The Mario universe, along the Super Smash Bros. universe, is the only franchise to feature in more than one stage in this game. Super Smash Flash features the following stages that are specifically Mario:
- Peach's Castle: The version of this Peach's Castle is very different to all and like Emerald Hill Zone and Temple is a custom stage and never has appear in any of the original Super Smash Bros. It consist of a large plain with Peach's Castle in the background and a below little plain with a warp pipe and a pond of water. It is the largest stage in the game.
- Mushroom Kingdom II: Based off in the Melee's stage, it is a stage made up of 3 sections. There are two upper platforms on either side of the stage and one lower one in the middle. The center platform is actually 2 platforms connected by a log. There is a pit on either side of the middle platform. No small logs fall in the waterfall.

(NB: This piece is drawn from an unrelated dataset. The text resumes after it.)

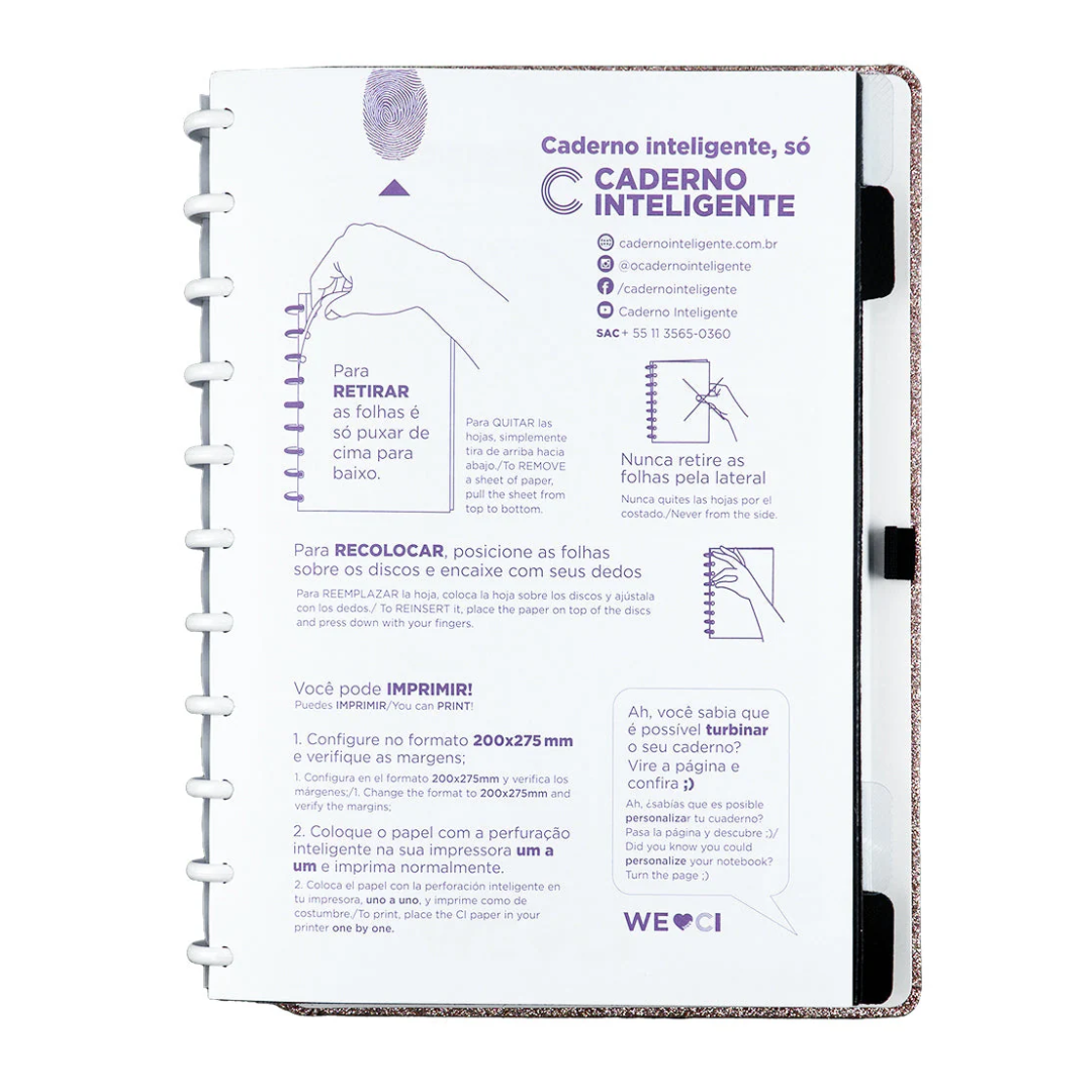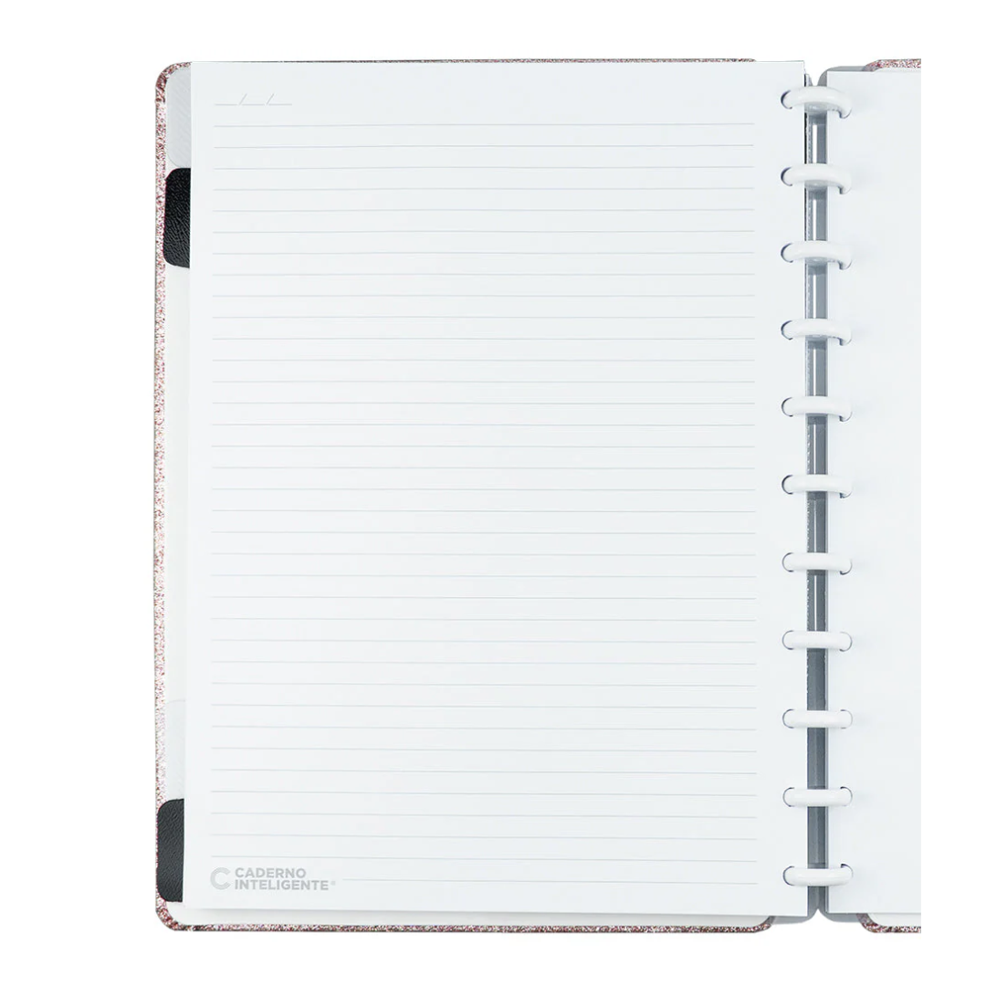 Elegante, premium e cheio de personalidade. O Caderno Let's Glitter Rose é a mistura harmônica da cor mais amada por todos nós com o charme do brilho perfeito.
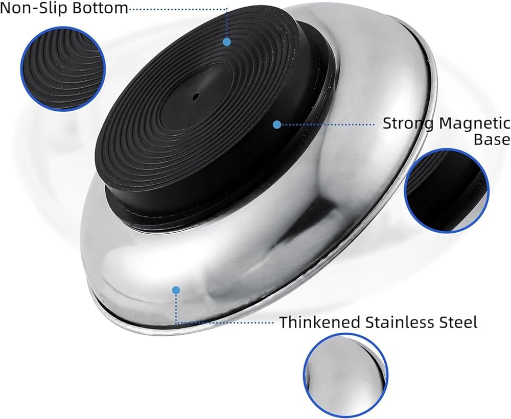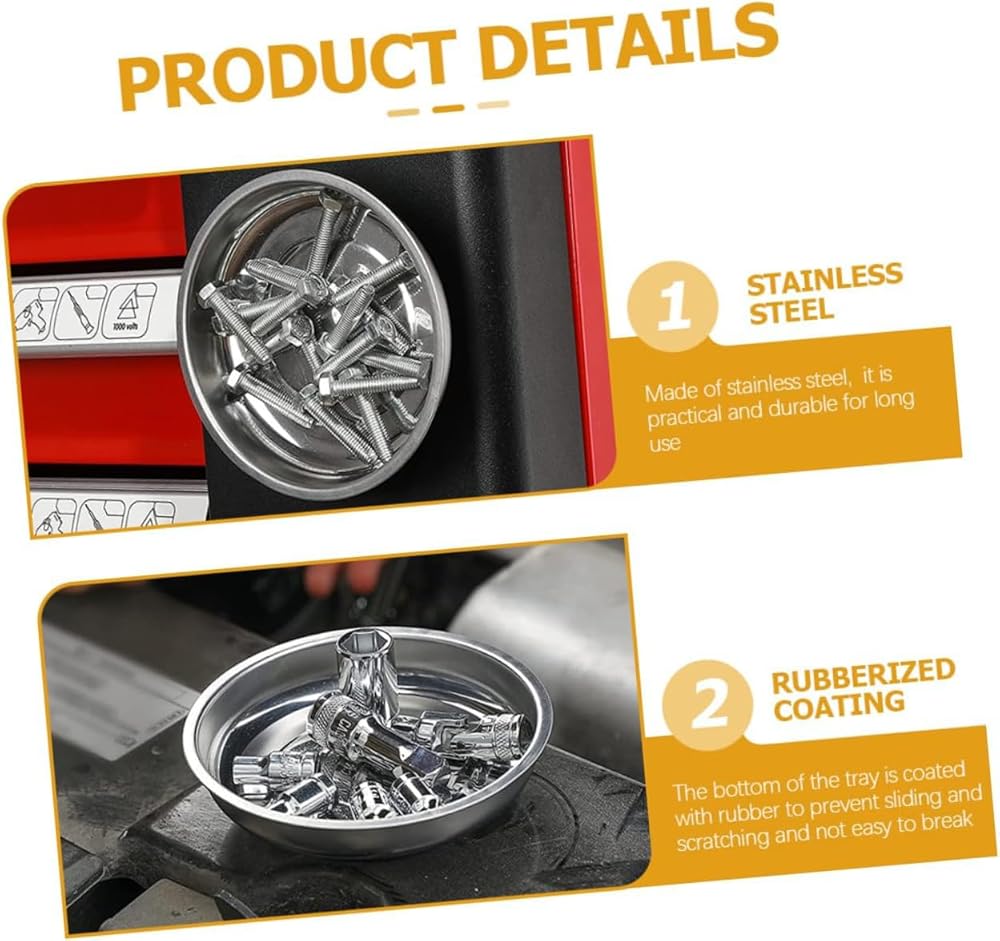 Smooth stainless-steel trays have powerful ceramic magnets with rubber covers in the base to secure them to a metal toolbox or table while keeping important metal pieces at hand.

Additionally, there is an Adventure mode level called Super Mario World which is a replica of the level Yoshi's Island 2 from the game of the same name. It has the same structure, but the enemies are limited to those pointed above.
- Bob-omb: A walking bomb (which does not walk in this game), that usually patrols around and explodes when it feels like in the Mario games, making it very dangerous to Mario to run into in his games. In some games, Bob-ombs can be picked up and thrown at an opponent as a volatile projectile; this is the style of Bob-omb usage featured in its appearance as an item.
- Fire Flower: A semi-sentient flower imbued with the power of fire. In many Mario platformers, Mario and Luigi can pick this up and gain the ability to launch fireballs from their hands. In Smash Flash, however, it is used more as a weapon that can be wielded to project a continuous stream of fire into the area in front of the wielder.
- Green Shell: Bowser's army of turtle underlings, called Koopa Troopas, come in several colors of these protective shells. Green-shelled Koopas often walk off the edges of platforms, and if jumped on by Mario, the Koopa will be ejected from its shell. The now-empty Green Shell can then be used as a weapon, either kicked at enemies or thrown at them. As a Smash item, it can be picked-up and thrown at enemies to do damage and often cause them to be sent flying a far distance.
In Super Smash Flash 2
The Mario series once again returned in the reboot with new features. The Mario series is currently the most represented franchise in SSF2 with a combination of characters, items and stages. This is excluding the sub-series franchises. However, if included, the Mario series would be the biggest series in SSF2 without competition with having 12 stages and 7 characters in total.
The roster saw a huge addition in terms of Mario-centered characters, making five characters from the Mario franchise playable in SSF2, not counting any sub-franchises, in which case the total number is eight.
- Mario: Mario was among one of the first four playable characters in the first demo. Mario underwent several redesigns until finally sticking with a design based on his look from Super Smash Bros. for Nintendo 3DS and Wii U. Aside completely expanding his moveset, Mario has also gained a Final Smash, an attack where his launches a barrage of two gigantic twin flames called the Mario Finale.
- Luigi: It took a while for Luigi to be confirmed. Like his twin brother, he appears with a revamped look based on his appearance in Super Smash Bros. for Nintendo 3DS and Wii U along with having the same move set from said game.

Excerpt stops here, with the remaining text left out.